Pour la santé publique, ces chômages répétés ne valent guère mieux que les longs carêmes. Les jours de fête sont les jours d’ivrognerie et de débauche. Si le matin est donné à l’église, le cabaret a la journée ou la soirée ; et, si tous les villages n’ont pas d’église » tous ont des cabarets. Le Russe aime peu les exercices du corps ; il passe ses fêtes au traktir ; il ne connaît d’autre plaisir que la boisson et un repos inerte. On a remarqué qu’en russe le mot fête vient du mot oisiveté[2], et comme, sous tous les climats, l’oisiveté est la mère des vices, les fêtes trop fréquentes deviennent une cause de démoralisation.

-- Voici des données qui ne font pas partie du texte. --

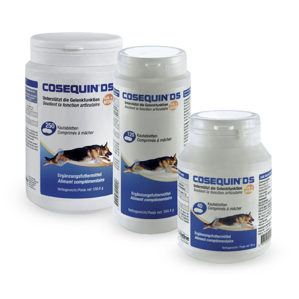 Für Hunde gibt es Cosequin als Kautablette mit Hühnchen-Schweinefleisch-Hefegeschmack, die auch gern als Leckerli angenommen wird oder zur Gabe über das Futter.

En Russie, tout comme en Occident, certains esprits s’imaginent que l’Église a multiplié les fêtes par calcul, dans l’intérêt du clergé, qui bénéficie de la dévotion de ses ouailles et de la fréquence des offices, d’autant qu’à certains de ces jours, l’usage était, dit-on, de travailler au profit du curé. Il n’est nul besoin de cela pour expliquer le grand nombre des jours fériés. Le penchant naturel de l’esprit religieux, de l’esprit ecclésiastique, est partout de détacher l’homme des choses terrestres pour le ramener au monde invisible. L’un des moyens, ce sont les fêtes, les jours consacrés qui appartiennent à Dieu. Y a-t-il eu là un calcul humain, l’Église, en Orient comme en Occident, s’est sans doute moins inspirée de l’intérêt du clergé que de l’intérêt des masses, du menu peuple des villes et des campagnes. En multipliant les jours fériés, l’Église remplissait son rôle de patronne des faibles et des petits. Tant qu’il y a eu des esclaves ou des serfs, les fêtes, qui affranchissaient du travail servile, ont été pour l’humanité un bienfait. Aujourd’hui même que l’esclavage a disparu, ne voit-on pas, en plusieurs pays, les ouvriers ou les employés réclamer des lois contre le travail du dimanche, afin d’être assurés d’un jour de repos ?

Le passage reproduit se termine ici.